Pine shoot beetle (PSB, Tomicus spp.) outbreaks cause widespread Yunnan pine (Pinus yunnanensis Franch) mortality in southwestern China. Early identification of PSB attacks could help forest managers mitigate the infestation before it turns into an outbreak. However, the subtle spectral changes and complex process of PSB-induced crown discoloration make the remote sensing approach difficult.

This study employed a manipulated insect infestation experiment to reveal suitable monitoring indicators. Healthy Yunnan pine crowns were infested with PSB adults at different preset densities (light, moderate, and severe) using the bagging method. The crown damage parameters, physiological properties, and corresponding spectral data were systematically measured in time series. Partial least squares regression (PLSR) was used to retrieve crown chlorophyll_a+b (Cab) and relative water content (RWC) via band reflectance. Random forest (RF) was used to determine the optimum spectral variables capable of capturing dynamic variations in crown shoot damage ratio (SDR).

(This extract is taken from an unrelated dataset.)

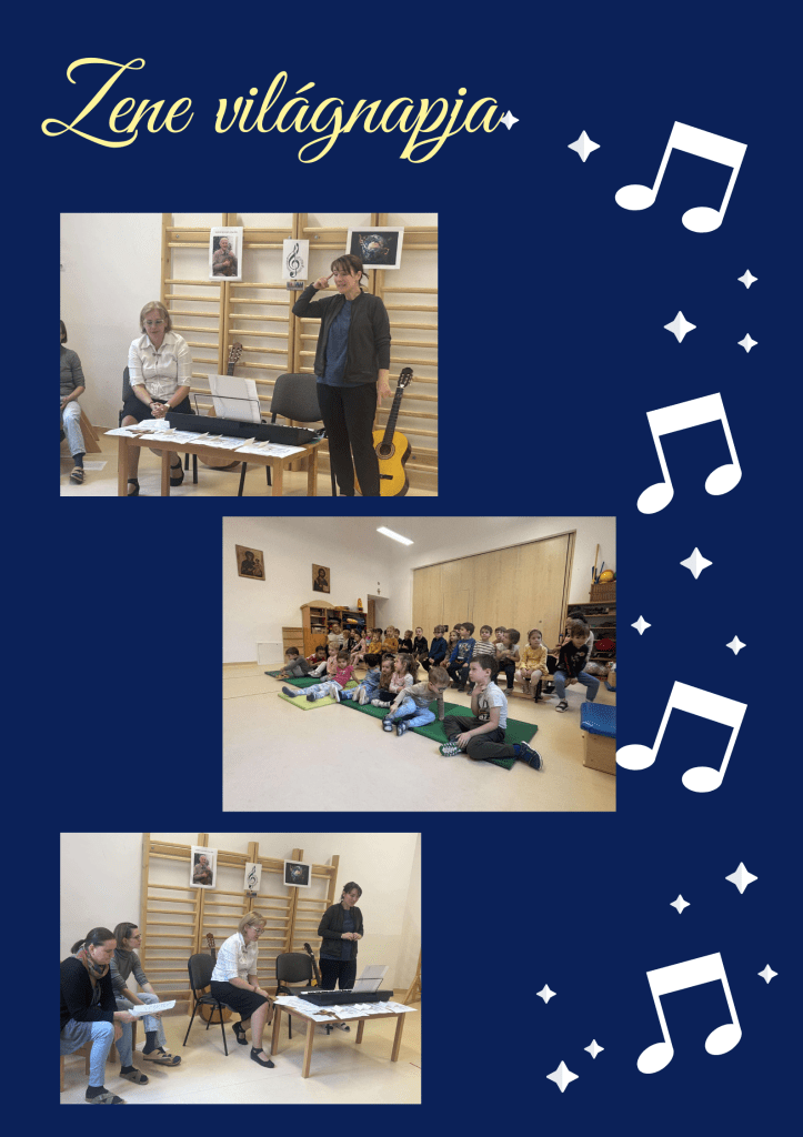 Óvodánkban idén is megünnepeltük a Zene Világnapját. A gyermekek és az óvónénik együtt énekeltek, zenéltek, és közösen örültek a muzsika varázsának. A vidám dallamok és a közös éneklés igazi örömteli hangulatot teremtettek az óvodában.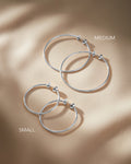 The Icon Hoops are re-engineered to be more functional and elevated than ever. Consider these your wear-with-everything piece; a classic hoop shape that never goes out of style. The 360 degree full circle design means the earrings won't catch your hair. The flexible stainless steel material is water-durable and one third of an inch thicker than the previous design. An easy-to-use tension closure to ensure the Icon Hoops will stay put and you won't have to search for an earring backing. Finished in high-polish rhodium. For a smaller version of these, see the Icon Hoops - Small.

Results showed that (1) after four weeks’ PSB shoot feeding attack, SDR reached saturated (26%-50%) for all damage levels, indicating a crown discoloration “switch point”. (2) A continuous decline was found in Cab and RWC at both shoot and crown levels during the whole infestation process, and the crown level decrease was smaller than the shoot level due to crown heterogeneous discoloration. (3) For PLSR retrieving crown Cab and RWC, estimation accuracy of healthy crowns could reach R² = 0.70, RMSE_cv = 14.60 mg/m² for Cab, and R² = 0.82, RMSE_cv = 1.25% for RWC, respectively. However, PSB early attack impacted these retrieval accuracies. (4) Spectral differences were evident in the visible region (530–600 nm) and near-infrared (NIR) plateau (780–1300 nm) among the preset damage levels. Significant differences in spectral variables (AMP, CI, OSAVI, RD, and SR) were observed between healthy and moderately damaged crowns. (5) In RF modeling, the importance of spectral variables for SDR estimation varied throughout the shoot feeding process. OSAVI, CI, MSI, PSRI, and SR2 were the top indicators that were suitable for identifying SDR ranging from 5% to 50%. SDR could be estimated with an accuracy of R² = 0.71, RMSE_cv = 8.92%, after 4 weeks’ infestation. Simultaneously, with the RF model, 4 preset damage levels could be differentiated with an out-of-bag error of 14.94% and a kappa coefficient of 0.8835.

In conclusion, this study mainly examined the physiological and spectral signatures of PSB early attacked crowns, and provided optimum spectral variables and models which will further help unmanned aerial vehicle (UAV) and satellite remote sensing identify PSB infestation at the early stages.